Dataset records START
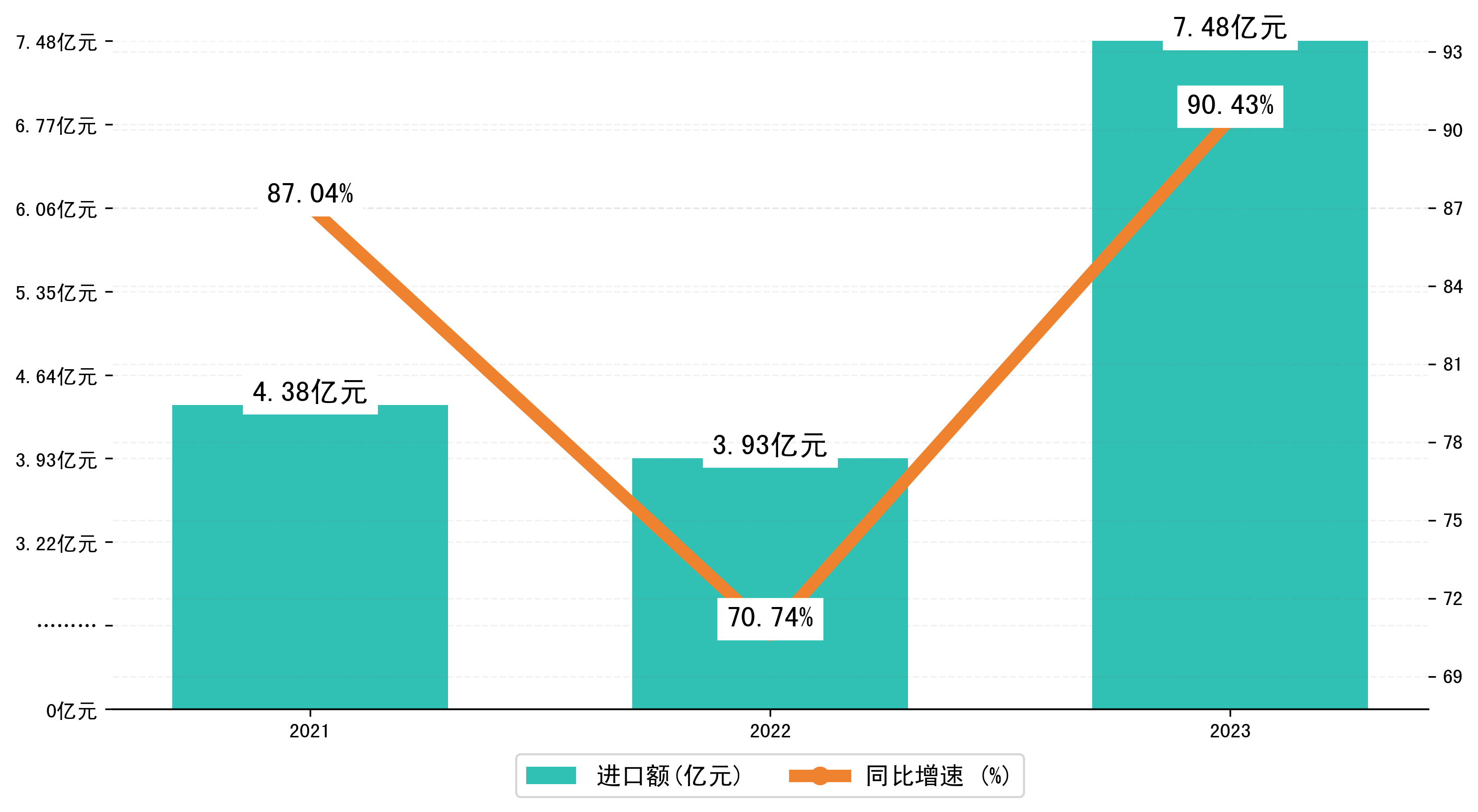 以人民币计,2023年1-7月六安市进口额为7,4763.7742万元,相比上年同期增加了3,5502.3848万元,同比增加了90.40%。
Dataset records END
Dataset records START
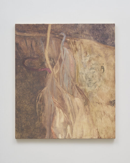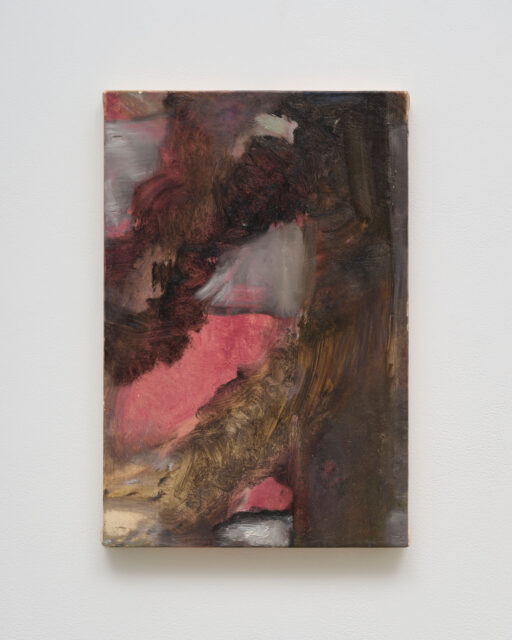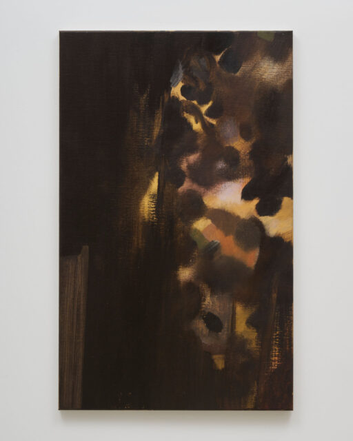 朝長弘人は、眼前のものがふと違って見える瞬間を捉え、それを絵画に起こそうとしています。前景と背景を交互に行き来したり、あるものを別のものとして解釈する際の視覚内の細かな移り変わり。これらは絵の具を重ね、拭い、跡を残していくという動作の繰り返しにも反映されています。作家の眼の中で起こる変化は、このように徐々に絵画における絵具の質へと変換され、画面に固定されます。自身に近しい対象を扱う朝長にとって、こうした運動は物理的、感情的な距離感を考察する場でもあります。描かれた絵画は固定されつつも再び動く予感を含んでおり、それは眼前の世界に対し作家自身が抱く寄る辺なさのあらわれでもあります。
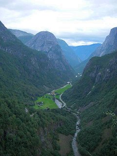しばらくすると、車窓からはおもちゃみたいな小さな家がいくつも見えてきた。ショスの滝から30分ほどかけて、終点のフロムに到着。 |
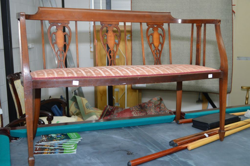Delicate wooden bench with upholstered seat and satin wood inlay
Dataset records END
Dataset records START
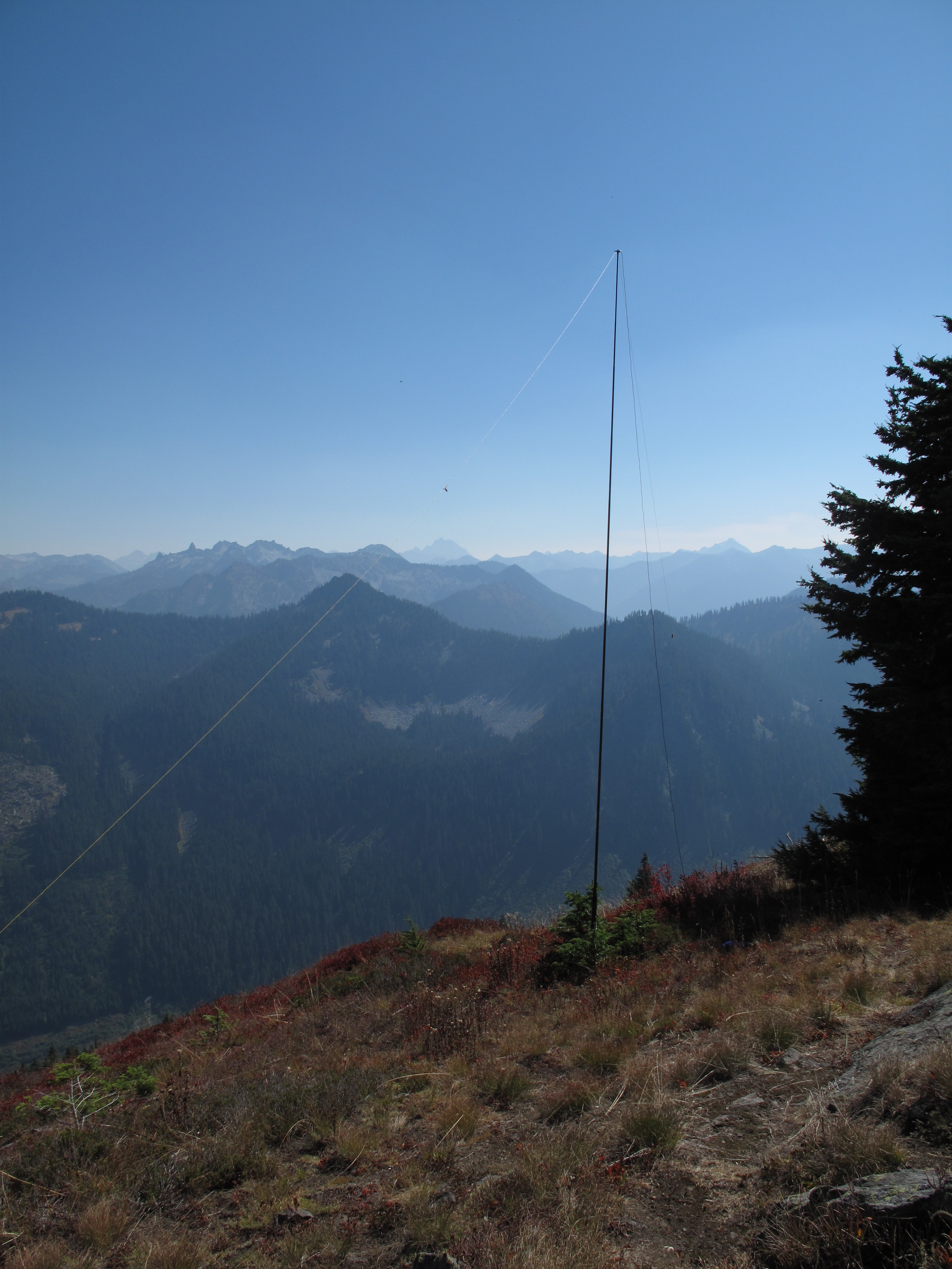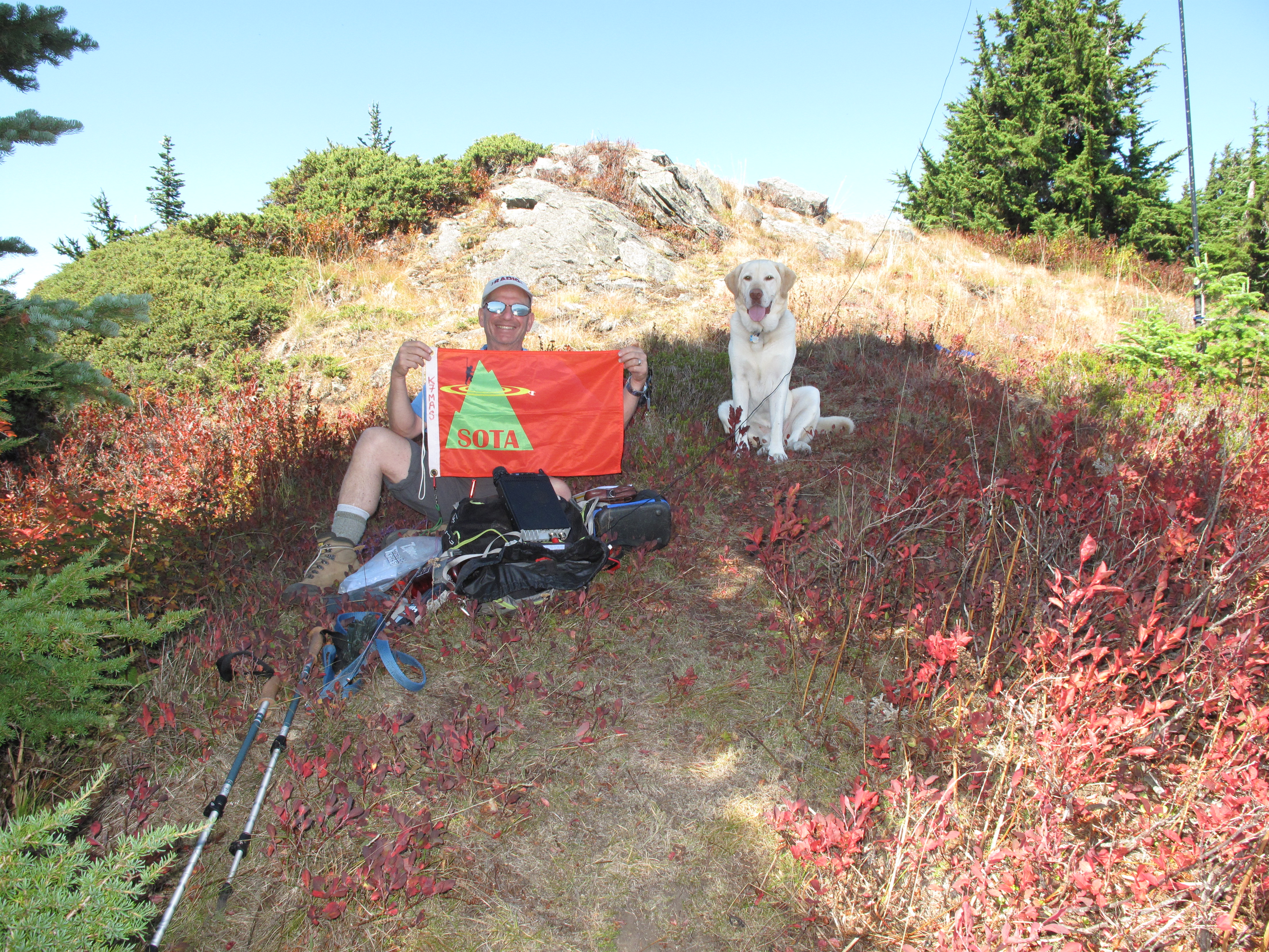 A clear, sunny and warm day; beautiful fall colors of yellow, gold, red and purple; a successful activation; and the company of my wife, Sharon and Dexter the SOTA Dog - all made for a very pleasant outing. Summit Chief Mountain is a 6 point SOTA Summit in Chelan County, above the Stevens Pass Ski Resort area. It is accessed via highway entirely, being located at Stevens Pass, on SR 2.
Dataset records END
__Required action__.
For this exercise, transcribe exactly the part of the records above that opens with the line containing "しばらくすると、車窓からはお" and closes with the one containing "Delicate wooden bench". Pictures are not part of the copy.

__Answer for this exercise__.
しばらくすると、車窓からはおもちゃみたいな小さな家がいくつも見えてきた。ショスの滝から30分ほどかけて、終点のフロムに到着。 |
Delicate wooden bench with upholstered seat and satin wood inlay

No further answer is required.